Problem details:
From the line that contains "Heuschrecke auf der" to the end of the entries, copy each line exactly, though the pictures stay out.

[Stored data]
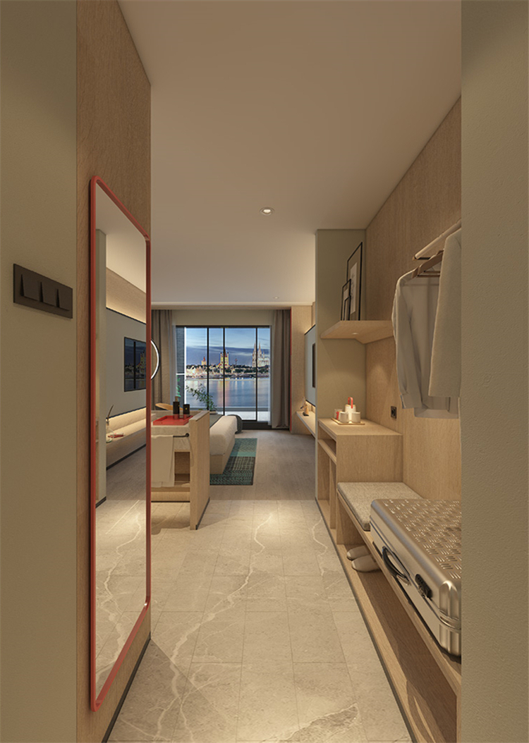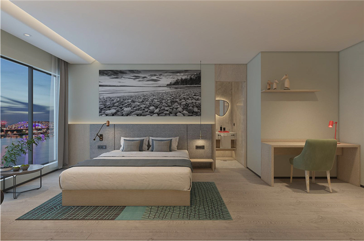 在功能的安排上人性化,為顧客帶來舒適的入住體驗與外立面相呼應,設計師在完整的用材體系上,增加了對比性明顯的色塊,高度提升了空間的趣味性和耐看度。
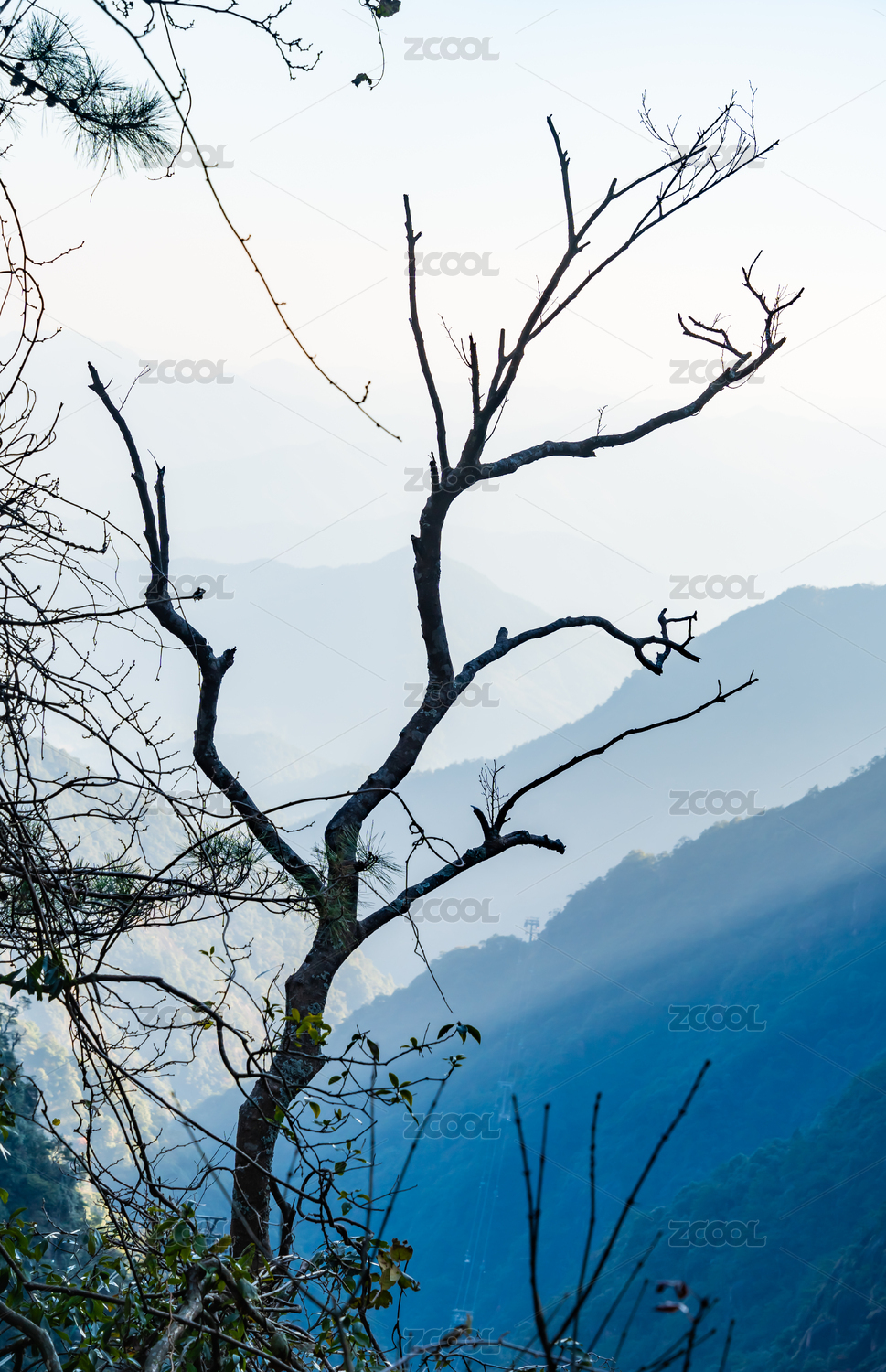 高山上的野草枯树
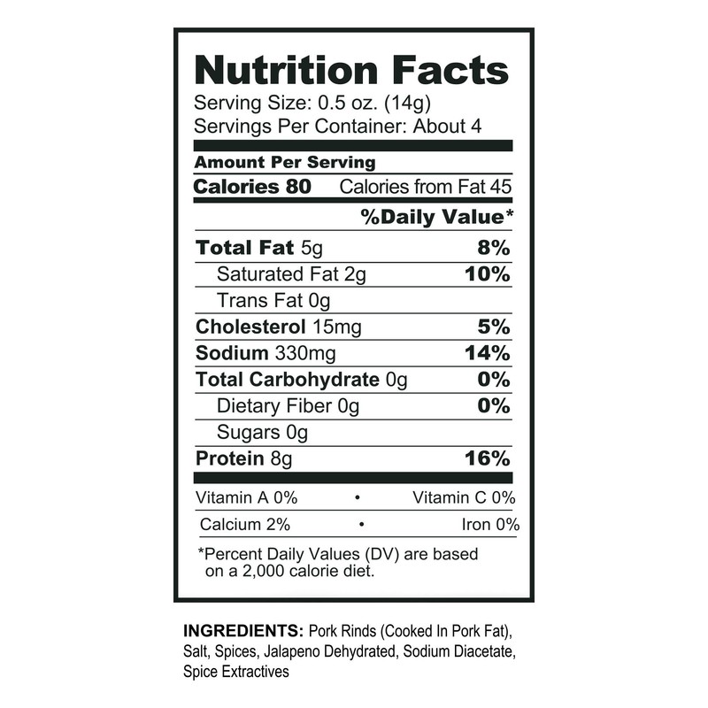 - ✔️ 0 CARBS PER BAG! Pork King Good Pork Rinds are not just any old snack food. They’re the ultimate naturally low-carb bite! An addictively delicious treat for anyone following a ketogenic, paleo, or diabetic diet! Looking for sugar-free snack options for the kids? Our chicharrones are a great alternative to traditional potato chips! Go ahead, “pig” out!
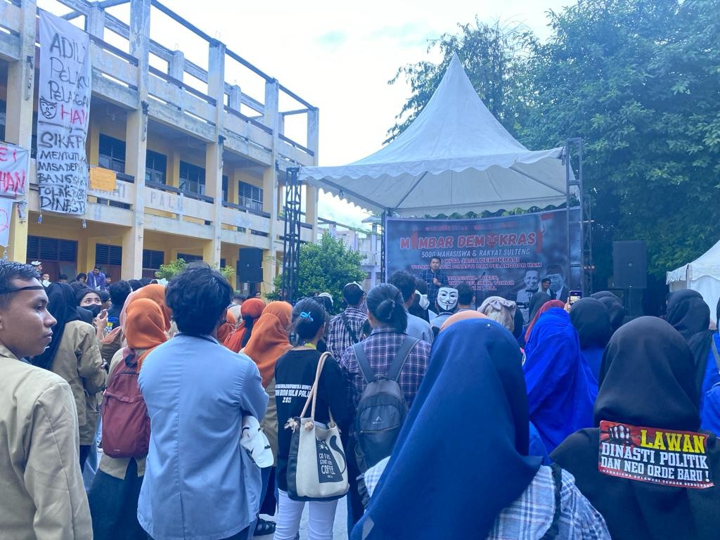 Ribuan mahasiswa dan rakyat menggelar Mimbar Demokrasi di halaman kampus Unazlam Palu, Jumat (01/12/2023).
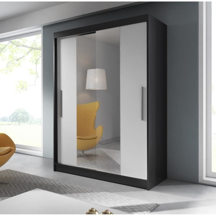 Meublo Armoire Penderie Avec 2 Portes Coulissantes Et Miroir L X
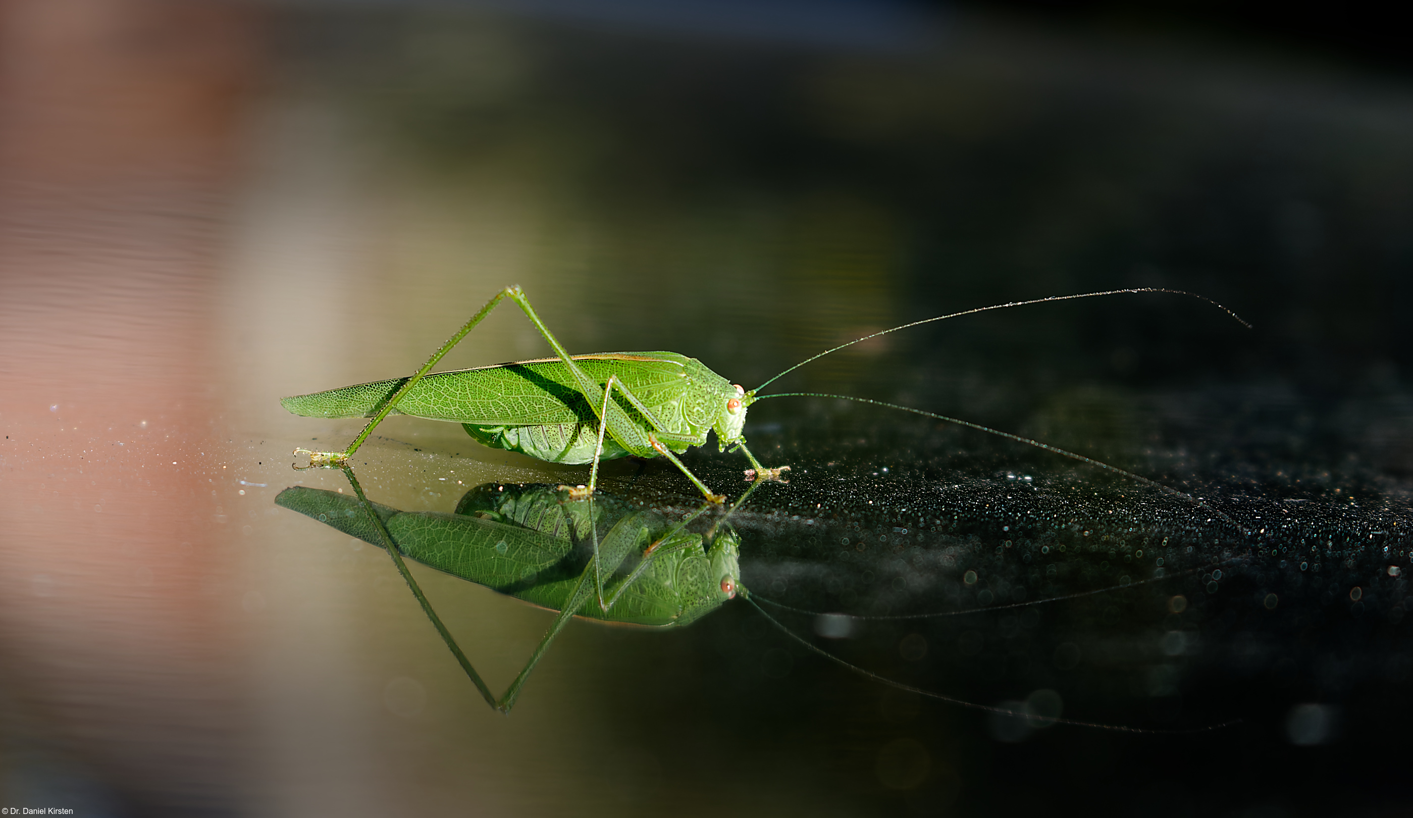 Heuschrecke auf der Mortorhaube, Oktober 2025.
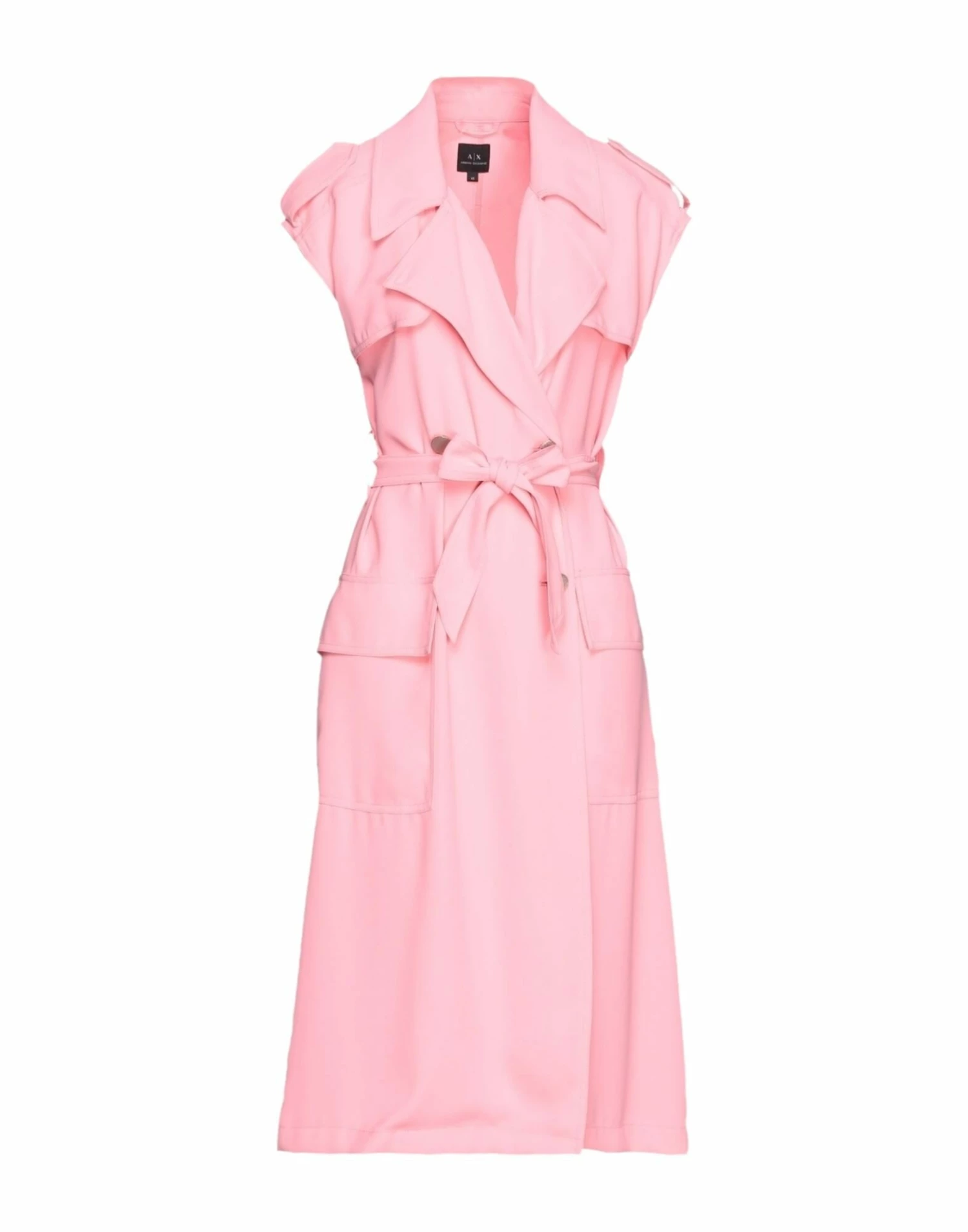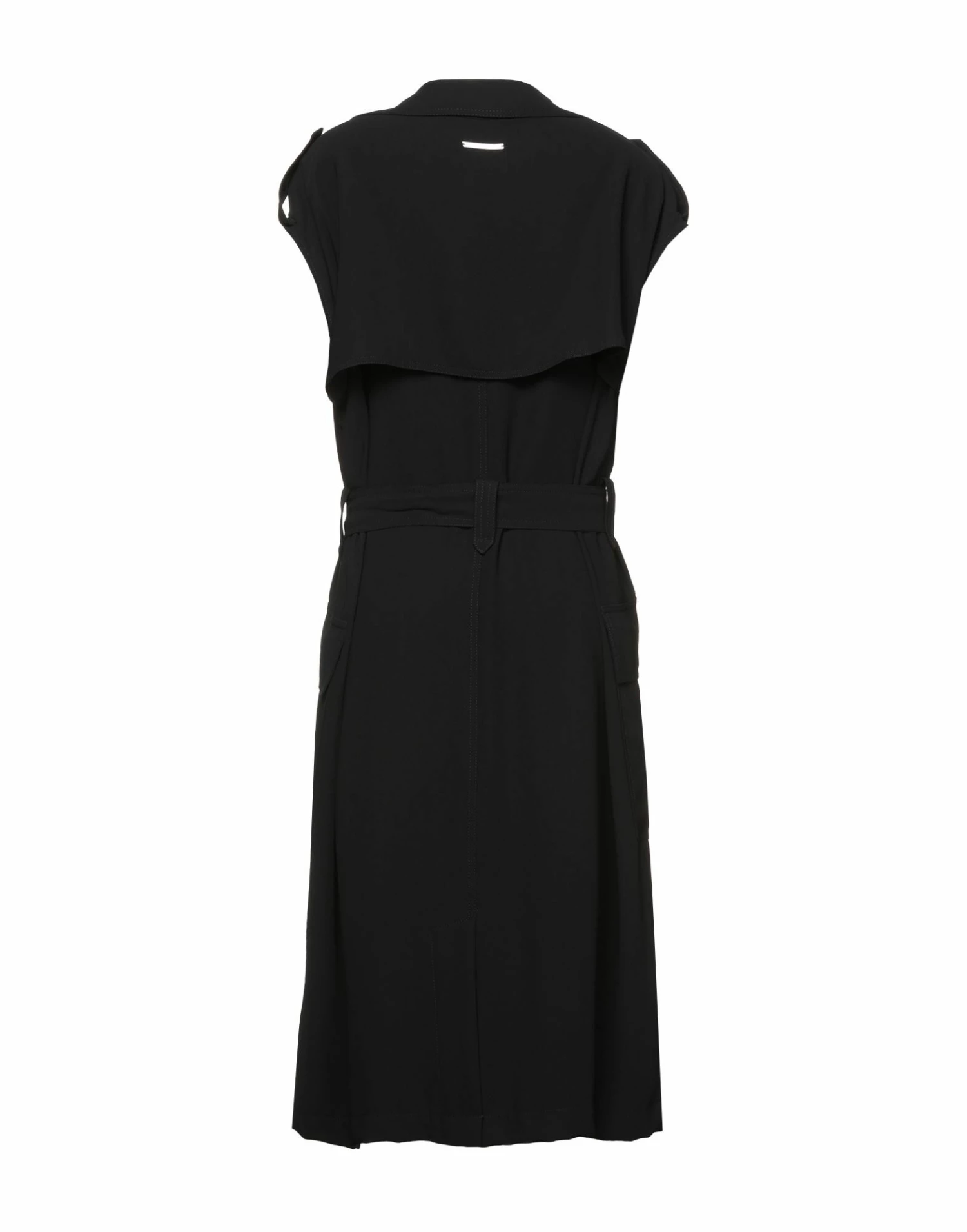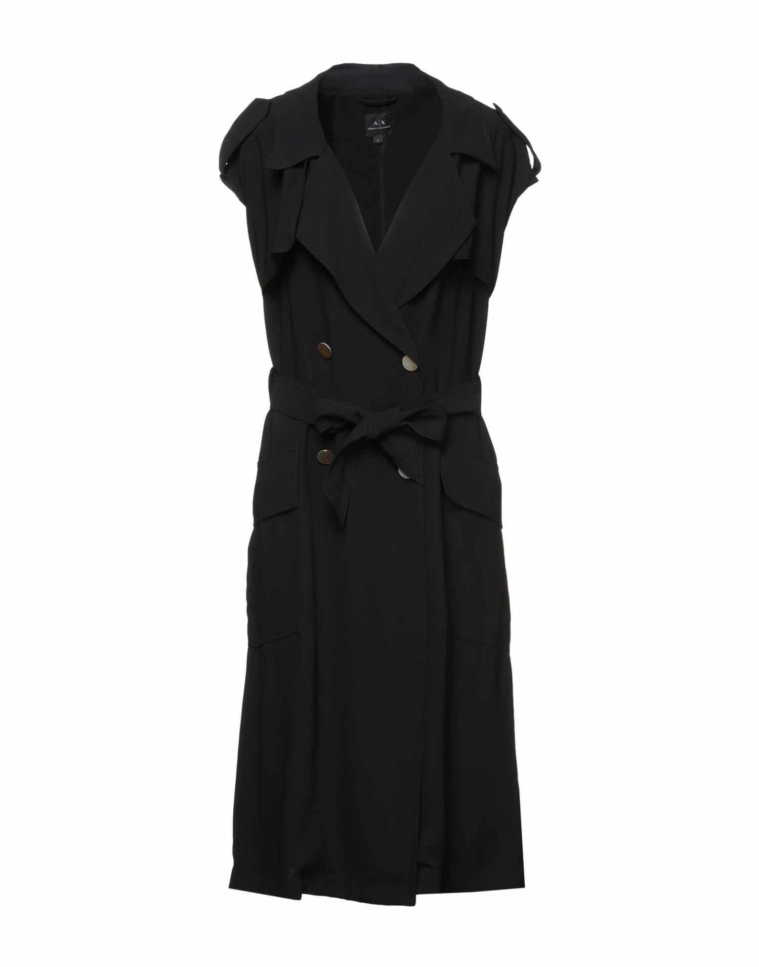 crepe, logo, belt, lapel collar, short sleeves, multipockets, front closure, button closing, unlined, solid color
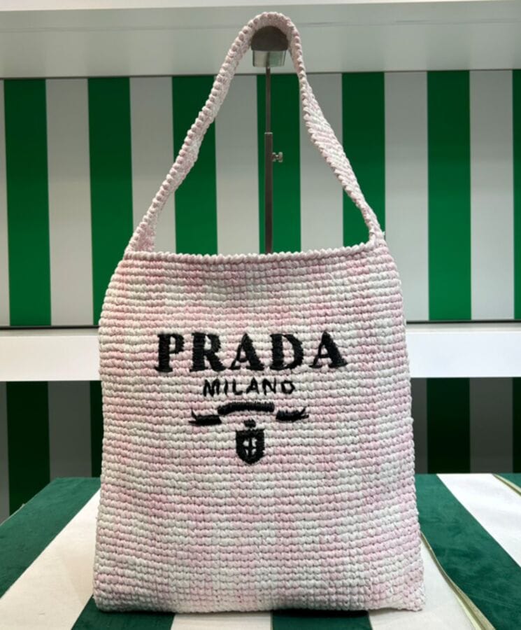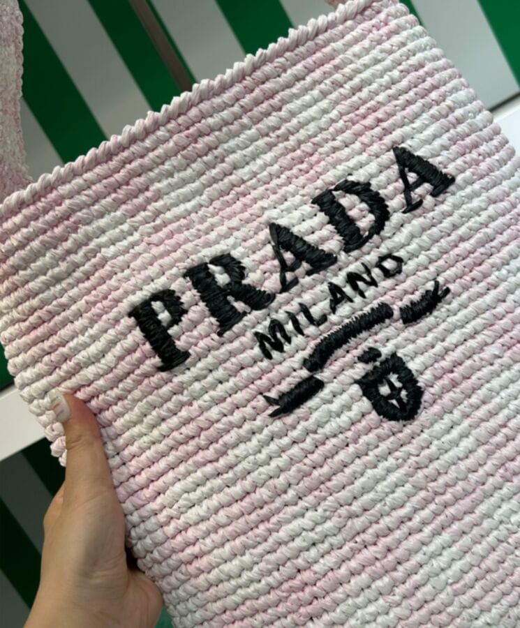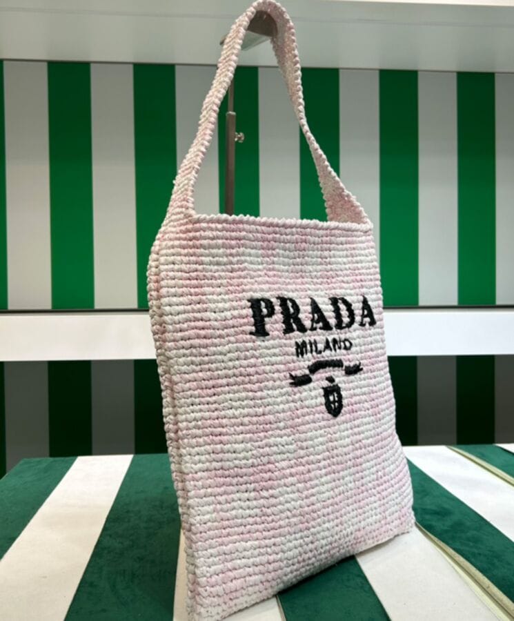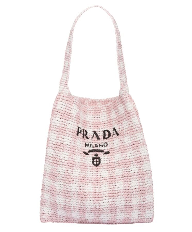 This maxi tote bag features a relaxed, deconstructed silhouette, crafted from raffia-effect yarnโa lightweight, natural material that exudes summer vibes. The front showcases an embroidered lettering logo, while the iconic enameled metal triangle logo adds a signature touch to the back.
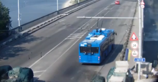 Как можно увидеть, на мосту в этот момент было много гражданских автомобилей и троллейбус.

Answer for this exercise:
 Heuschrecke auf der Mortorhaube, Oktober 2025.
 crepe, logo, belt, lapel collar, short sleeves, multipockets, front closure, button closing, unlined, solid color
 This maxi tote bag features a relaxed, deconstructed silhouette, crafted from raffia-effect yarnโa lightweight, natural material that exudes summer vibes. The front showcases an embroidered lettering logo, while the iconic enameled metal triangle logo adds a signature touch to the back.
 Как можно увидеть, на мосту в этот момент было много гражданских автомобилей и троллейбус.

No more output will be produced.